**SOURCE RECORDS:**
--- START ---

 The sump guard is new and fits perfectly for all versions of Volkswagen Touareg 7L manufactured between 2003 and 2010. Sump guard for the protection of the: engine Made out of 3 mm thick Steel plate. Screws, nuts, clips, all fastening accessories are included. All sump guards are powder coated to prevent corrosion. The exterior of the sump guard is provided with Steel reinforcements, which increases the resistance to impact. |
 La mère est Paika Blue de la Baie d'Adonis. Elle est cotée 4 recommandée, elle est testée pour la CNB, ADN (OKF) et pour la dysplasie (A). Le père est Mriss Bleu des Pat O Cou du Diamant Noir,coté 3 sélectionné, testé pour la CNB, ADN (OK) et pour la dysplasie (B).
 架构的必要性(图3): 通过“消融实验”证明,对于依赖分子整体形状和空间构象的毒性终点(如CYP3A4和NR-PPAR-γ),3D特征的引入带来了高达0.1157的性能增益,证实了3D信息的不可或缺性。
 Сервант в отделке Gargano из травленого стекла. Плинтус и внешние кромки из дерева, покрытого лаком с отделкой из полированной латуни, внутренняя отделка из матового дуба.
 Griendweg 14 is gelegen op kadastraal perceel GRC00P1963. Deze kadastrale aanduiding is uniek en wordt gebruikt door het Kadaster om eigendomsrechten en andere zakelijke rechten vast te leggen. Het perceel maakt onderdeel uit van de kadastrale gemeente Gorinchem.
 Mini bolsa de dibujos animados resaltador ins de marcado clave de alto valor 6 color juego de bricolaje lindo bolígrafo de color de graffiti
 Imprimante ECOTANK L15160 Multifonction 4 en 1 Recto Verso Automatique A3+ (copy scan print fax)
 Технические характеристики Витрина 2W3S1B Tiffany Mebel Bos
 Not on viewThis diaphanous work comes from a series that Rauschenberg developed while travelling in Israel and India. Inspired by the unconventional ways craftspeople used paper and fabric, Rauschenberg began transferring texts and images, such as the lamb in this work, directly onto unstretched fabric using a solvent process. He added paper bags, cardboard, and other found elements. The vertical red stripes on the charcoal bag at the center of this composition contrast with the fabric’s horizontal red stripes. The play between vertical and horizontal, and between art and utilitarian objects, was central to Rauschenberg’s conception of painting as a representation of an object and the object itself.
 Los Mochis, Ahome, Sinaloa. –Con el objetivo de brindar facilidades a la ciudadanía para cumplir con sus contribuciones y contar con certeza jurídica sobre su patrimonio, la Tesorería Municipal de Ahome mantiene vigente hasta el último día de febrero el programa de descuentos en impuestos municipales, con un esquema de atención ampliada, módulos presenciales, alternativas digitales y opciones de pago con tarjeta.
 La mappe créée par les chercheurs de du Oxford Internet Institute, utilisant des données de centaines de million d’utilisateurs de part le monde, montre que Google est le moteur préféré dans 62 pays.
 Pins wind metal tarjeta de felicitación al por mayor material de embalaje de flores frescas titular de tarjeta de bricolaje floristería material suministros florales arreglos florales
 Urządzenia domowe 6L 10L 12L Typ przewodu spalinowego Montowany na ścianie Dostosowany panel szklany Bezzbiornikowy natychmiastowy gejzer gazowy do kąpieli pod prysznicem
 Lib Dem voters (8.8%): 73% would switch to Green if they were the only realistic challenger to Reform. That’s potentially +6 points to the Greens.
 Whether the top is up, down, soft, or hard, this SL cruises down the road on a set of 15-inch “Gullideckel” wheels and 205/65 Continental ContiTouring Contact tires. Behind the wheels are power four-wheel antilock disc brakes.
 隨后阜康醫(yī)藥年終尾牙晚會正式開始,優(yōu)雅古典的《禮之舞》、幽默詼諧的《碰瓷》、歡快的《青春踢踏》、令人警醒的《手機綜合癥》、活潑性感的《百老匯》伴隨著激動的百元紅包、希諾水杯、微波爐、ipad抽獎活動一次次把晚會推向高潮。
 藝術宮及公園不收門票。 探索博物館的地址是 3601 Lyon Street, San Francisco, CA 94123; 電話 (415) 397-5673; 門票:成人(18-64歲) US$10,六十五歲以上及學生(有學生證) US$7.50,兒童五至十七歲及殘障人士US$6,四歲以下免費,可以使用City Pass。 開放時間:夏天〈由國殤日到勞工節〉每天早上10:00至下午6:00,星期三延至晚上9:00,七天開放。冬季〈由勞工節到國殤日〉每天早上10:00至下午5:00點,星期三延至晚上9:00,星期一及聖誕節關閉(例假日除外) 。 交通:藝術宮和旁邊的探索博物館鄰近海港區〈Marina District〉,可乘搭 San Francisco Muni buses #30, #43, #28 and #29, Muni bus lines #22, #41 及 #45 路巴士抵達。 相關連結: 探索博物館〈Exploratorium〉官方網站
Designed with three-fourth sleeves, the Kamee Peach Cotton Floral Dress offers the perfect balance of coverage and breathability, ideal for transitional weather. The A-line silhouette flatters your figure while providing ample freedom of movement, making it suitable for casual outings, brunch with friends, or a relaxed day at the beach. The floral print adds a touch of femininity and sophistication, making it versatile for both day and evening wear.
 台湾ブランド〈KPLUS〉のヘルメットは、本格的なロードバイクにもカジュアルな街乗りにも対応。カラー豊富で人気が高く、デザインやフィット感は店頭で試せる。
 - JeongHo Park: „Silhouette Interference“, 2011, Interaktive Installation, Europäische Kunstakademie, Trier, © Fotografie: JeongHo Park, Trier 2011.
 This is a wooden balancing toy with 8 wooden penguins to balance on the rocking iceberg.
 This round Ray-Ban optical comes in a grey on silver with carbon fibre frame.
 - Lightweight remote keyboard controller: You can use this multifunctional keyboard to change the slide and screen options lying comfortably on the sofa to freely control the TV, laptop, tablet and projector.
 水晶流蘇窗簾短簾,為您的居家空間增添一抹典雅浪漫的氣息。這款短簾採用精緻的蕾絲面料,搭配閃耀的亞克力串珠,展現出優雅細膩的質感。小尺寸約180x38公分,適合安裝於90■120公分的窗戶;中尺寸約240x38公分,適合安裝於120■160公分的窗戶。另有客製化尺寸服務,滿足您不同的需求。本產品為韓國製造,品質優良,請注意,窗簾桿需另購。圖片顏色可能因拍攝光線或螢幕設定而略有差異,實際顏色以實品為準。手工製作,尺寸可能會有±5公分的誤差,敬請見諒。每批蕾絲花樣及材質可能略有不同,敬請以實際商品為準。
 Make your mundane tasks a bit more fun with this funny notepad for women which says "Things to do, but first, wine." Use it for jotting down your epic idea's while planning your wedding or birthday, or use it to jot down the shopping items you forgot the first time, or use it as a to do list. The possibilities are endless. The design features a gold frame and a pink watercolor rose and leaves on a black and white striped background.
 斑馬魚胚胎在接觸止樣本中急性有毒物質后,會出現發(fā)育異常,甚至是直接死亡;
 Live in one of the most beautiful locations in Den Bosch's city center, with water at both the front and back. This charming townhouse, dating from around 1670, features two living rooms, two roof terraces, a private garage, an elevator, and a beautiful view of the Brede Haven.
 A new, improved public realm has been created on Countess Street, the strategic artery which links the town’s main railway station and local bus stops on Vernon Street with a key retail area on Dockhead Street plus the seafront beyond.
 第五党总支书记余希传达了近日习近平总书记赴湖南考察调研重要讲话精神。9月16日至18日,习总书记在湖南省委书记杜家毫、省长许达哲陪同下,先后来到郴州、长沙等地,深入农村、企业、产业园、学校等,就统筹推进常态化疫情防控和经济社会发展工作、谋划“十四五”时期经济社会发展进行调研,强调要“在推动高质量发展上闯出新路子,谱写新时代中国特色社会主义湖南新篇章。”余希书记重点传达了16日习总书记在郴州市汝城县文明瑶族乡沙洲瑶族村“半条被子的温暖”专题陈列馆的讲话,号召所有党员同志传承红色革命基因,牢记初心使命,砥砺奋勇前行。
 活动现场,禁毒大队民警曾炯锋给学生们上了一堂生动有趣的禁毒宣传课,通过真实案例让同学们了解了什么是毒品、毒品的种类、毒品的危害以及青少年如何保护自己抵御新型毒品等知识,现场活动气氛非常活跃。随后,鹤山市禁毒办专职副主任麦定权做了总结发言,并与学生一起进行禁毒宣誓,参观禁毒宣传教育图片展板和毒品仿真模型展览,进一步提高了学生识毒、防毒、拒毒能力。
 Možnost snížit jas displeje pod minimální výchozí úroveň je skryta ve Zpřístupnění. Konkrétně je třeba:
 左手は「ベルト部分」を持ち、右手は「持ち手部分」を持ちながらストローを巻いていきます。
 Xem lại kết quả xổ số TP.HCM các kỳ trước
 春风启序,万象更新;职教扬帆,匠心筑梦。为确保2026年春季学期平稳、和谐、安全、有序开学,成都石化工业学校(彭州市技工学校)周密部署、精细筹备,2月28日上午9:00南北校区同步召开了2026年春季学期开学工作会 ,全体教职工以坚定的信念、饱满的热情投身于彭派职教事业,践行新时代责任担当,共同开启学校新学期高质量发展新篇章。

--- END ---

**ACTIVITY:** All lines in the listing above between the line with "斑馬魚胚胎在接觸止樣本中急性" and the line with "Live in one", inclusive, should be set down exactly, and no line outside that range.

**THE ANSWER:**
 斑馬魚胚胎在接觸止樣本中急性有毒物質后,會出現發(fā)育異常,甚至是直接死亡;
 Live in one of the most beautiful locations in Den Bosch's city center, with water at both the front and back. This charming townhouse, dating from around 1670, features two living rooms, two roof terraces, a private garage, an elevator, and a beautiful view of the Brede Haven.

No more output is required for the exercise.